### DATA BELOW

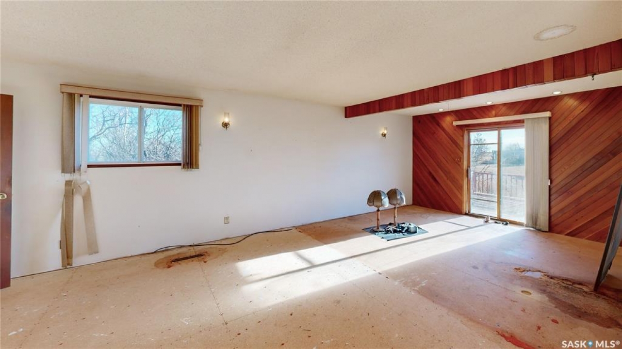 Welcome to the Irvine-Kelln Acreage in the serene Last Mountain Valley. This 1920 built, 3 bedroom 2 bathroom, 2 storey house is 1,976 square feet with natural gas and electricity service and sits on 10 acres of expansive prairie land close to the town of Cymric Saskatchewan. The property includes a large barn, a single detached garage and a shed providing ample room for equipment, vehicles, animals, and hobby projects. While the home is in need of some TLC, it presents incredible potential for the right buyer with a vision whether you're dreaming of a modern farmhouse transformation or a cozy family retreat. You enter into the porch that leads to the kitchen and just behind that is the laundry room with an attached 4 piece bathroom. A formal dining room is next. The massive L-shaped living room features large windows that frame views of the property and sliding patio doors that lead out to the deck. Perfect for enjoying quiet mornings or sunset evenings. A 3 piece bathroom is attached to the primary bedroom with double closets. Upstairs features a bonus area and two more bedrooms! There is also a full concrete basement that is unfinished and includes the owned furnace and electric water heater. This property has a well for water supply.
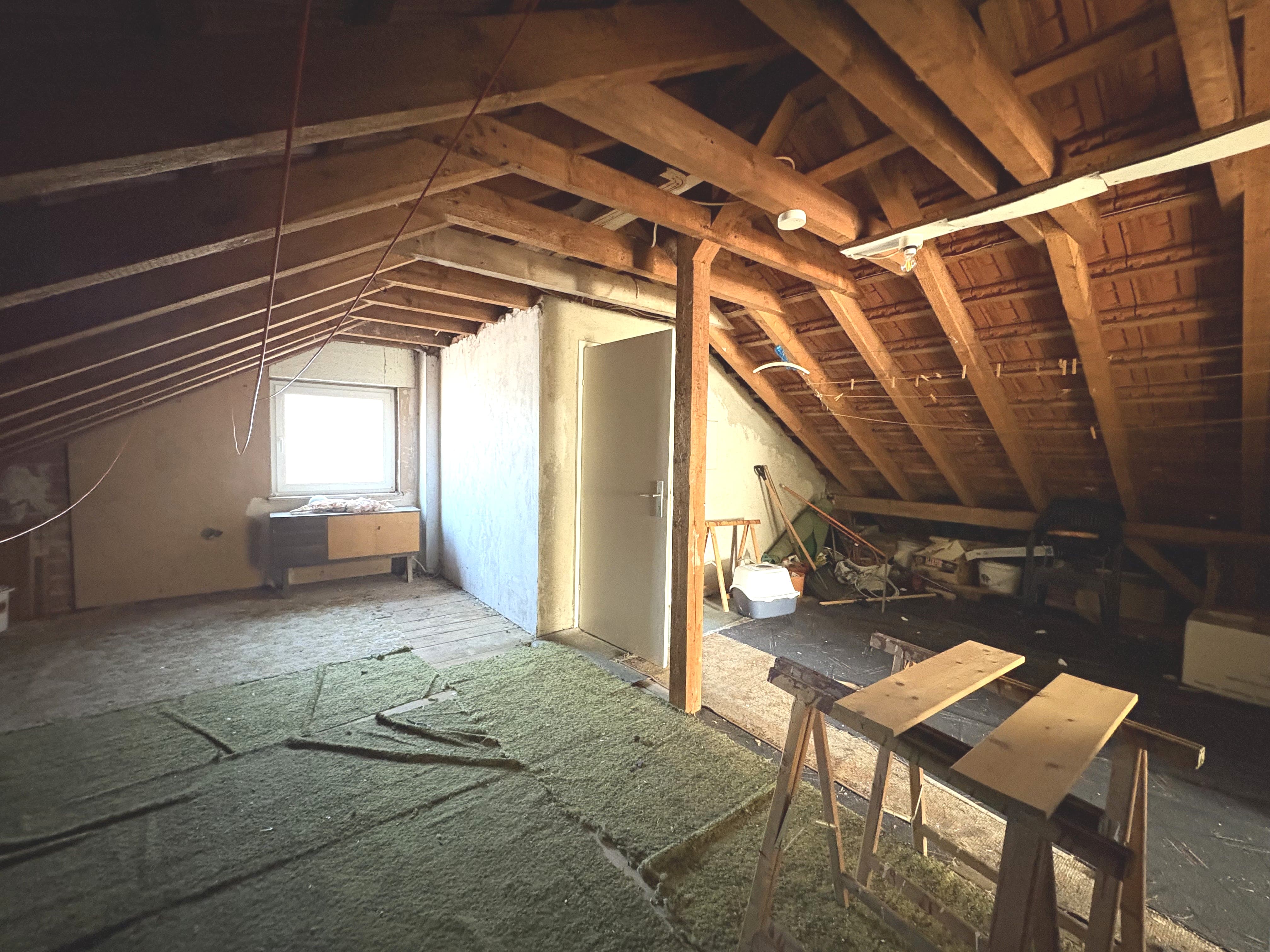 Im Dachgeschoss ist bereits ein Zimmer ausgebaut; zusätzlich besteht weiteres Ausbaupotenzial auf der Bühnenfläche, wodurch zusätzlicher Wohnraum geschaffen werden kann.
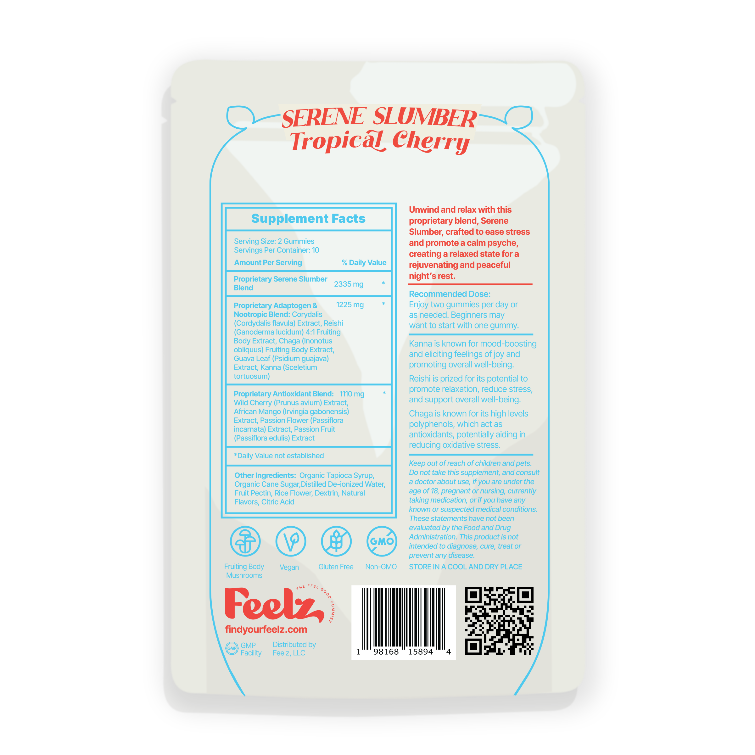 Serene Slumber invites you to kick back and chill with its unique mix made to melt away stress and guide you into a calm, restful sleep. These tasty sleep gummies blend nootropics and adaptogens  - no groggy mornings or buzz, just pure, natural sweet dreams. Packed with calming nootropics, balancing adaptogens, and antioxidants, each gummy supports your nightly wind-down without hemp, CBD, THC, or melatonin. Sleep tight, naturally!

### EXERCISE OBJECTIVE
Retype the listing exactly. Leave the pictures out.

### TASK ANSWER
 Welcome to the Irvine-Kelln Acreage in the serene Last Mountain Valley. This 1920 built, 3 bedroom 2 bathroom, 2 storey house is 1,976 square feet with natural gas and electricity service and sits on 10 acres of expansive prairie land close to the town of Cymric Saskatchewan. The property includes a large barn, a single detached garage and a shed providing ample room for equipment, vehicles, animals, and hobby projects. While the home is in need of some TLC, it presents incredible potential for the right buyer with a vision whether you're dreaming of a modern farmhouse transformation or a cozy family retreat. You enter into the porch that leads to the kitchen and just behind that is the laundry room with an attached 4 piece bathroom. A formal dining room is next. The massive L-shaped living room features large windows that frame views of the property and sliding patio doors that lead out to the deck. Perfect for enjoying quiet mornings or sunset evenings. A 3 piece bathroom is attached to the primary bedroom with double closets. Upstairs features a bonus area and two more bedrooms! There is also a full concrete basement that is unfinished and includes the owned furnace and electric water heater. This property has a well for water supply.
 Im Dachgeschoss ist bereits ein Zimmer ausgebaut; zusätzlich besteht weiteres Ausbaupotenzial auf der Bühnenfläche, wodurch zusätzlicher Wohnraum geschaffen werden kann.
 Serene Slumber invites you to kick back and chill with its unique mix made to melt away stress and guide you into a calm, restful sleep. These tasty sleep gummies blend nootropics and adaptogens  - no groggy mornings or buzz, just pure, natural sweet dreams. Packed with calming nootropics, balancing adaptogens, and antioxidants, each gummy supports your nightly wind-down without hemp, CBD, THC, or melatonin. Sleep tight, naturally!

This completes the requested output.